-- Material shown follows --

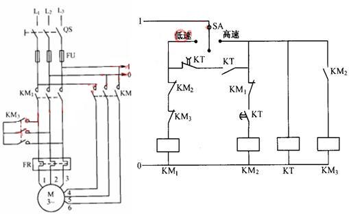 2、雙速三相交流異步電動(dòng)機(jī)自動(dòng)控制變極調(diào)速線路
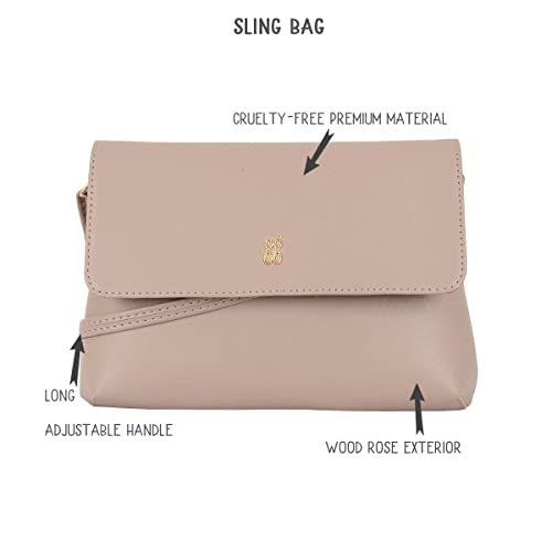 Wood Rose exterior with 1 main compartment I 2 total number of pocket I Zipper closure I Cruelty-free premium material.
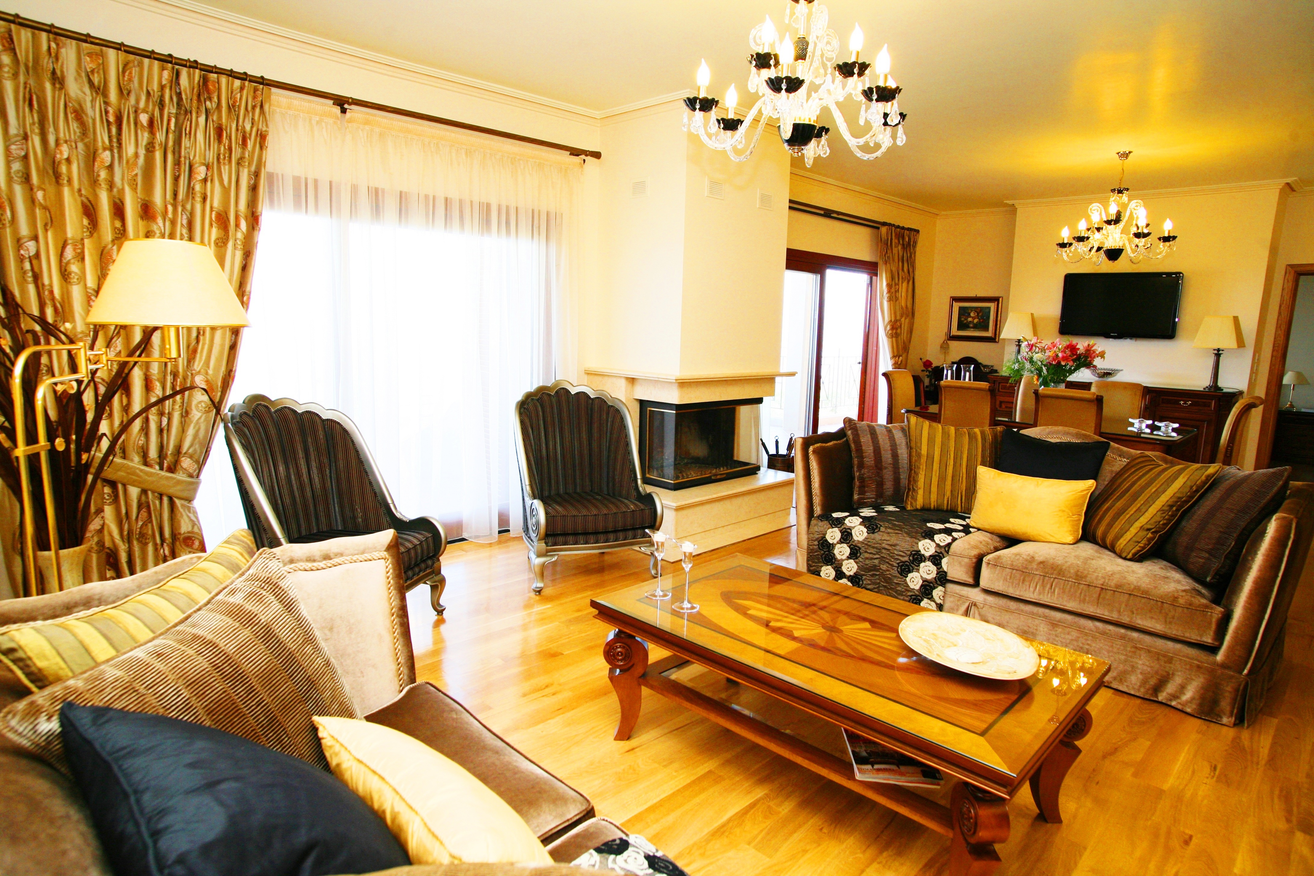 Each floor has a kitchen area with stove, coffee maker, and fridge. There are 3 washing machines, a microwave, and a separate wine fridge. The villa is well equipped with plentiful fine porcelain tableware and a selection of luxury linen and towels (swimming pool towels are also provided). There are 2 satellite plasma TVs with DVD players, hi-fi/cd player, and Playstation3, there is also high speed internet access. All bathrooms offer either a jacuzzi bath or massage shower.
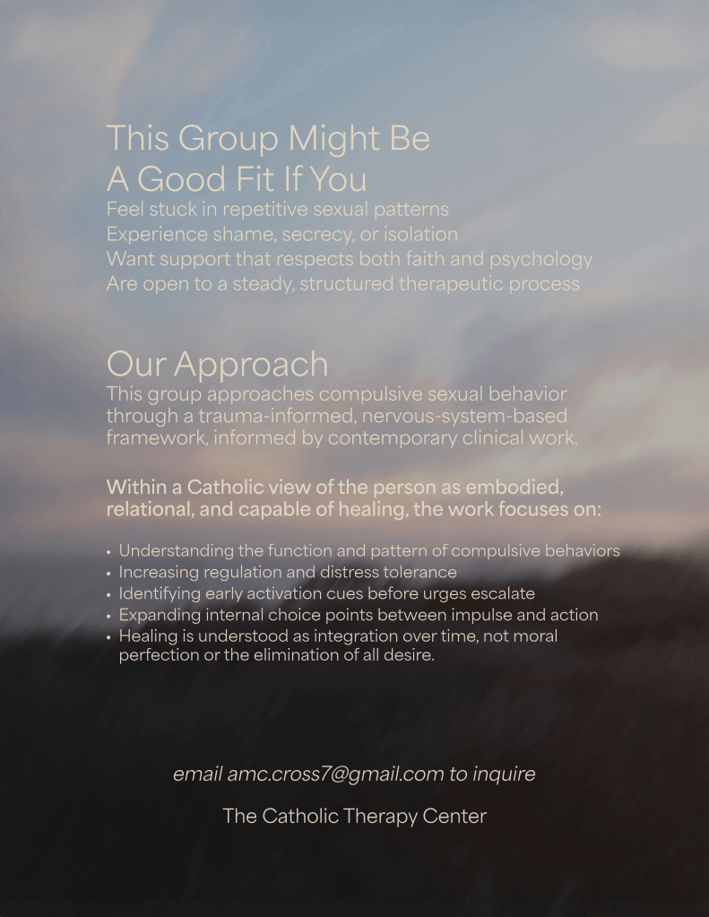 Clinically, I work with individuals, couples, and families who feel stuck in patterns of anxiety, shame, trauma, grief, or disconnection. My work focuses on helping people gently turn toward what has been difficult to hold, so that healing can emerge through safety, presence, and integration rather than pressure or performance. My approach is warm, relational, process-oriented, IFS- and nervous-system-informed, and grounded in a Catholic understanding of the human person as an integrated unity of body, mind, and spirit. Alongside my clinical work, I facilitate workshops and write on Substack at the intersection of psychology, neuroscience, and Catholic spirituality.
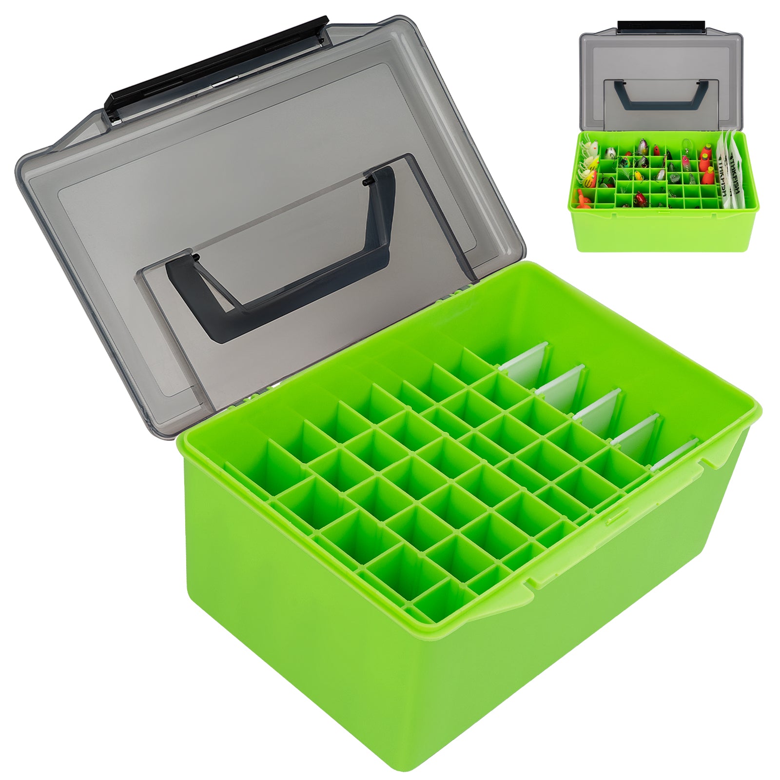 Large Capacity: With 52 compartments, the fishing tackle boxes provide ample space to organize your lures, floats, and other fishing gear. Say goodbye to cluttered tackle boxes and hello to the efficient organization on every fishing trip.

-- Material shown concluded --

**The task**:
An exact copy of the lines above from the one with "Wood Rose exterior" up to and including the one with "Each floor has" is required; reproduce only those lines, omitting all pictures.

**Solved exercise**:
 Wood Rose exterior with 1 main compartment I 2 total number of pocket I Zipper closure I Cruelty-free premium material.
 Each floor has a kitchen area with stove, coffee maker, and fridge. There are 3 washing machines, a microwave, and a separate wine fridge. The villa is well equipped with plentiful fine porcelain tableware and a selection of luxury linen and towels (swimming pool towels are also provided). There are 2 satellite plasma TVs with DVD players, hi-fi/cd player, and Playstation3, there is also high speed internet access. All bathrooms offer either a jacuzzi bath or massage shower.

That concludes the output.